Unrelated to the main issue, maybe @martinmodrak has some idea about this. Isn’t it strange the normalizing constant is so big in comparison with the approximated likelihood? I understood that the saddle point approximation should be quite close to the real pdf including the normalizing constant.

Thanks!

maxbiostat · February 21, 2021, 10:55am

Have you seen this recent thread? You might need to update your set up to get round a bug or two in the quadrature routines. Failing that you can try to use the integration-by-parts trick to stabilise the integrand. I can help with that, but for me it’s hard to translate Stan code into maths, so if you can write down your model in equations, it’d be helpful.

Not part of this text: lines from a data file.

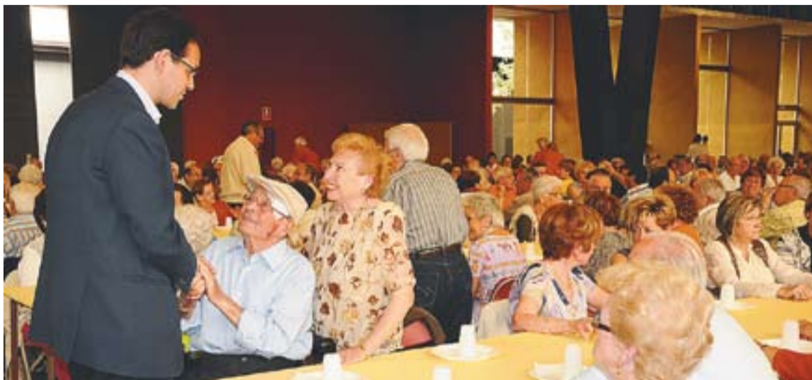
L'alcalde saludant algunes persones presents a la festa de fi de curs.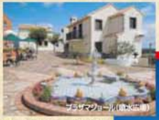
プラザマジョール(噴水広場)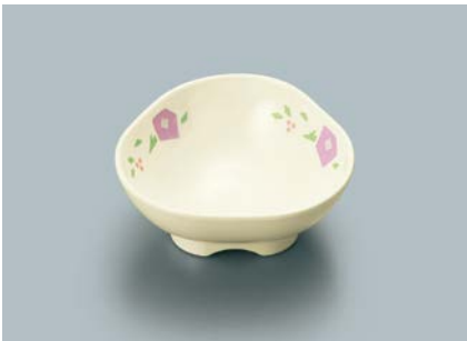
MB-644 HMR (華かんむり) 小鉢 B 88 × 37 ・ 105ml ¥710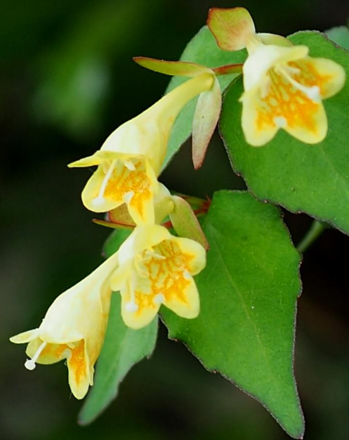
コツクバネウツギ (小衝羽根空木) スイカズラ科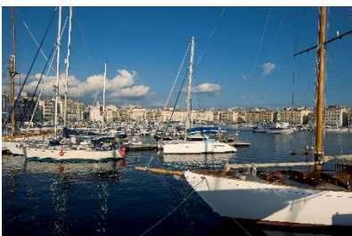
Vieux port de Marseille

Vous en avez assez de l'hiver ? Il est grand temps de réserver vos vacances d'été ! Le Thalys Soleil, le célèbre train rouge, emmène ses voyageurs chaque samedi du 24 juin au 26 août vers les villes ensoleillées de Valence, Avignon, Aix-en-Provence et Marseille. Les billets sont disponibles à partir du jeudi 9 février, de quoi commencer à rêver d'escapades dans le sud. Pas d'embouteillages, pas de stress et pas de fatigue. Au contraire, détente assurée pour un voyage rapide et confortable à bord du Thalys Soleil.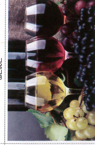
வைன் / Wine வைன்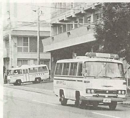
緊急出動する救急車。昨年1年間の出動は2,538回、現場までの平均到着時間は5分～10分です

○ 休日や夜間の急病は、落ちついてホームドクターや当番医に相談する。 ○ 新聞、広報紙などで休日当番医を確かめておく。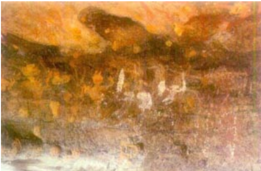
Prastara Khodita Chitra ( Manikamunda, Sundargarh )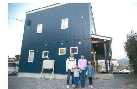
家族皆で記念写真。これからもたくさん の思い出を作ってください。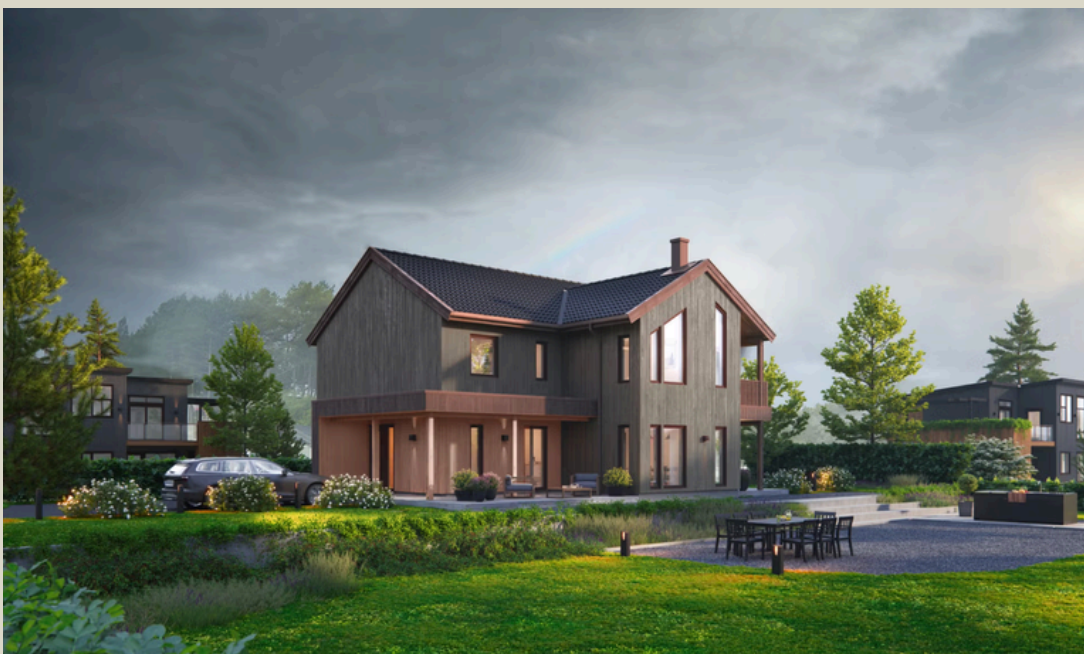
Blink Hus Skien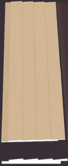
SD 130 50 x 4 x 200 cm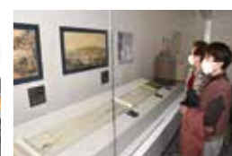
洋学資料館企画展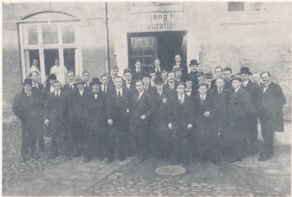
Deltagerne i Landsmødet i Aarhus 8. Februar 1920, da D. s. U. stiftedes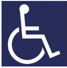
【障害者のための国際シンボルマーク】 所管：公益財団法人日本障害者リハビリテーション協会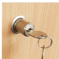
Portes coulissantes verrouillables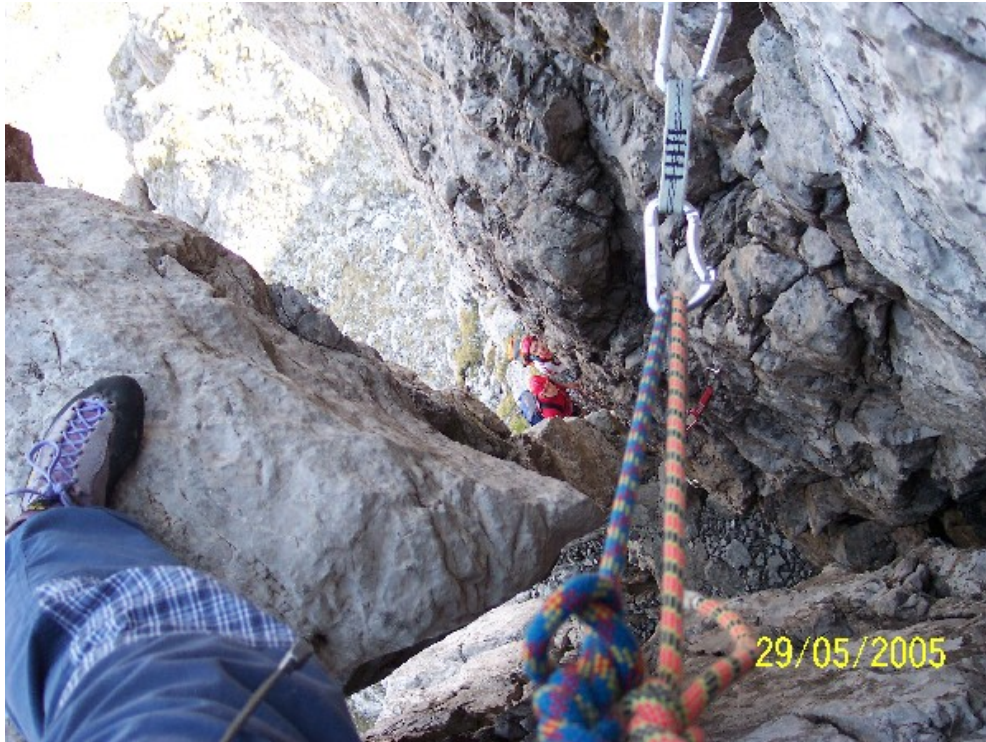
Sulla cima del pilastro...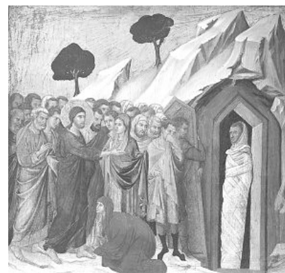
Duccio di BUONINSEGNA, Uskrišenje Lazara , oko 1310., Muzej umjetnosti Kimbell, SAD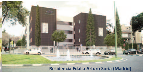
Residencia Edalia Arturo Soria (Madrid)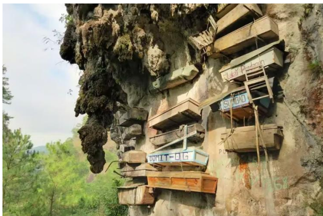
les cercueils suspendus

objets traditionnels présentant le mode de vie et les coutumes des diverses tribus montagnardes de la région. Dîner dans un restaurant local. Poursuite de la route vers Banaue. Passage par le col du mont Pulis et arrêt à un point de vue surplombant les spectaculaires rizières en terrasses de Banaue . Installation à l'hôtel. Souper et nuit à Banaue : Banaue Grandview (ou similaire).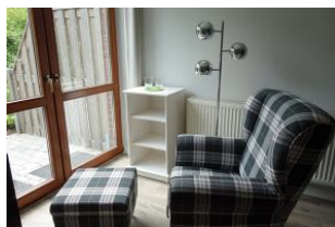
...mit Blick aus dem Fenster oder für eine Lesestunde ?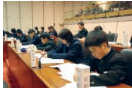
真剣に答弁のメモをとる

A 「あついで！熊谷」は、熊谷の夏の暑さが話題となることを活用して、熊谷のまちの良いたちの熱く燃える心意気を全国に発信することを目的としています。「あついで！熊谷」に関係するイベントや特産品づくり、また、かき氷「雪くま」も好評で、この事業に協力したお店や会場が多くの人たちでにぎわい、熊谷のまちの元気な様子が全国に報道されました。また、旅行先や各地の大会で熊谷を宣伝する「PRキャラバン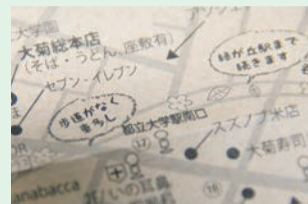
▲マップには、「歩道がなく車多し」「トイレのある公園」といった、パパ・ママ目線の一言が添えられている

紙のマップを配布することにも、意味がある。「近くの児童館にマップをもらいに行くことで、お出掛けするきっかけが生まれ、孤独になりがちなパパ・ママを応援する形につながればと思っています。でも、最初はいろいろな施設にマップを置いてもらうことに、とても苦労しました」。マップ作り隊を知ってもらうために、方々を回り説明したという。「今では壁に貼って、次はどこへ行こうかと考えるのが楽しみとか、マップに掲載している誰でもトイレが、高齢者や障害があるかたにも喜ばれていると聞き、とてもうれしく思っています」。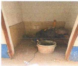
6. Piso. Foto frontal trabajando el área de los sanitarios.

bnicenboim · February 21, 2021, 11:55am

I am using cmdstan 2.26 though. Or is there something else I should update?

I’ll post the equation in math in while then. I do warn you that is huge!

bnicenboim · February 21, 2021, 5:26pm

Hi,
This is density (after exponentiation).

\frac{\left(2 \mu_{1} \mu_{2} - \mu_{1} x + \mu_{2} x + \sqrt{4 \mu_{1}^{2} \mu_{2}^{2} + \mu_{1}^{2} x^{2} - 2 \mu_{1} \mu_{2} x^{2} + \mu_{2}^{2} x^{2}}\right)^{- \frac{1}{\tau^{2}}} \left(2 \mu_{1} \mu_{2} + \mu_{1} x - \mu_{2} x + \sqrt{4 \mu_{1}^{2} \mu_{2}^{2} + \mu_{1}^{2} x^{2} - 2 \mu_{1} \mu_{2} x^{2} + \mu_{2}^{2} x^{2}}\right)^{- \frac{1}{\tau^{2}}} e^{\frac{1 - \frac{x}{2 \mu_{2}} - \frac{x}{2 \mu_{1}} + \frac{\sqrt{4 \mu_{1}^{2} \mu_{2}^{2} + \mu_{1}^{2} x^{2} - 2 \mu_{1} \mu_{2} x^{2} + \mu_{2}^{2} x^{2}}}{2 \mu_{1} \mu_{2}}}{\tau^{2}}} e^{\left(-1 + \frac{2}{\tau^{2}}\right) \log{\left(x \right)} + \left(\frac{1}{2} + \frac{2}{\tau^{2}}\right) \log{\left(2 \right)} + \frac{\log{\left(\mu_{1} \right)} + \log{\left(\mu_{2} \right)}}{\tau^{2}}}}{2 \sqrt{\pi} \tau \sqrt{\frac{4 \mu_{1}^{2} \mu_{2}^{2} + \mu_{1}^{2} x^{2} - 2 \mu_{1} \mu_{2} x^{2} + 2 \mu_{1} \mu_{2} \sqrt{4 \mu_{1}^{2} \mu_{2}^{2} + \mu_{1}^{2} x^{2} - 2 \mu_{1} \mu_{2} x^{2} + \mu_{2}^{2} x^{2}} + \mu_{2}^{2} x^{2}}{8 \mu_{1}^{2} \mu_{2}^{2} + \mu_{1}^{2} x^{2} - 2 \mu_{1} \mu_{2} x^{2} + 4 \mu_{1} \mu_{2} \sqrt{4 \mu_{1}^{2} \mu_{2}^{2} + \mu_{1}^{2} x^{2} - 2 \mu_{1} \mu_{2} x^{2} + \mu_{2}^{2} x^{2}} + \mu_{2}^{2} x^{2}}}}

I’m working with sympy, so I can collect terms, or expand or whatever. Do you have some link the integration-by-parts trick? Besides xkcd: Integration by Parts ? This is how I feel about integration:
xkcd: Differentiation and Integration :)

Thanks!

hhau · February 22, 2021, 9:29am

This is probably fine. You could look at the distribution of the normalising constant for increasing values of the upper bound to check.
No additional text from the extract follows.